Насчёт Мельникова-Печерского пока всё спокойно и ни звуку, но они обещали сделать договор к осени. Я, как и ты, становлюсь скептиком и ничему уже не верю. Польке вон два годика, и та настырничает и пробует хитрить, что уж про нас-то и говорить!

Домой вернёмся числа 3-го мая.

Значит, тебя, жену и Севу с весной и с Победой!

Всё лето собираюсь быть здесь, а осенью уеду на юг края, зайду с тыла на известный тебе Амыл – там ещё можно себе принадлежать. Обнимаю. Виктор Петрович

2 апреля 1985 г.

(Ю.Н.Сбитневу)

Дорогой Юра!

Роман я твой прочёл, читал рассказы, читаю затурканный суетой и дерготой. У нас сейчас Ирина с детишками, а 5-го мы уезжаем на месяц в Болгарию отдохнуть. Меня давно туда приглашали, но всё было недосуг, а теперь стало невыносимо от юбилейной и прочей потехи. Надо скрыться от всего этого хоть на месяц. Пятого, только посадим Ирину с детьми на поезд, я сделаю кой-какие дела в Москве, и мы улетим.

Зимой я много чего понаписал, и цензура уже работает в поту, ничего не проходит. Даже то, что считалось «вполне» и было поставлено в юбилейные номера, – слетело, значит, я вполне серьёзно начал работать.

Когда вернусь, дочитаю твою книгу и напишу тебе подробно, а пока на ходу, на скаку, чтоб не терял, поздравляю с весной, с Днём Победы, который если верить Черчиллю, а кому же верить, как не ему, для всех победителей, во все времена был и началом их поражения. Мы не избежим этой участи, и конец наш предрешен, дело только в сроках, но всё делается изо всех сил, чтоб эти сроки ускорить.

Поклон Майе! Я, Мария, Ирина, Витя и Полька целуем и обнимаем вас.

Виктор

15 мая 1985 г.

Красноярск

(Г.К.Сапронову)

Дорогой Геннадий!

Ваш материал это самое серьёзное, совсем, кстати, не поражённое отсебятиной, интересное по форме, глубокое по содержанию из всего, что было со мной «беседовано» [ речь о беседе с писателем «Жить честно и много работать», опубликованной 7 мая 1985 г. в иркутской областной молодёжной газете «Советская молодёжь». – Сост.] Не зря Вы так долго ходили за мной. Да ведь и этого мало, нужно умение, талант, а Вы всё сделали по-журналистски талантливо.

И спасибо Вам, что не унизили меня и себя враньём. Меня поразило высокое качество материала ещё и тем, что в нашем городе «высокой культуры» его попросту не пропустили бы, посчитав дерзким.

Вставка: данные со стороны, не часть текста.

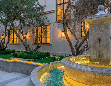 Located in Benedict Canyon, Beverly Hills. The 11,700 square foot Tuscan-style residence captures views of the canyon and the surrounding hills. This luxury two-story new residence comprises of 7 bedrooms and 8 bathrooms with a basement devoted to a home theater, sauna with steam shower, bar, and play area. The second story covered patio, with the view of the infinity pool, alongside the landscaped yard. Featured with a pavilion, river, and multiple fountain walls; creates an exceptional moment of outdoor seating.

Я после большой запарки устал, барахлит сердце, и поэтому почерк мой совсем «разгулялся». Закругляюсь. Просто хотелось скорее поблагодарить Вас. Знаю ведь, как Вы ждёте моего письма.

Пришлите, если можете, ещё штук десяток или пяток газет – нужно для детей и друзей.

Поклон Валентину Григорьевичу [ Распутину , – Сост.]. Ваш Виктор Петрович

2 июля 1985 г.

Овсянка

(Ю.Н.Сбитневу)

Дорогой Юра!

Такая жизнь идёт – время, как в песок. И писать некогда, и читать тоже, а тут погодка! Два лета после Вологодчины подышал я горным сухим воздухом и так хорошо себя почувствовал, хоть до девок беги. Но вот уже третье лето подряд нету не только лета, но и весны тоже не стало. Нынешний год самый худой. Лето, по существу, так ещё и не началось, а сегодня второй день июля, ждать-то уже и нечего.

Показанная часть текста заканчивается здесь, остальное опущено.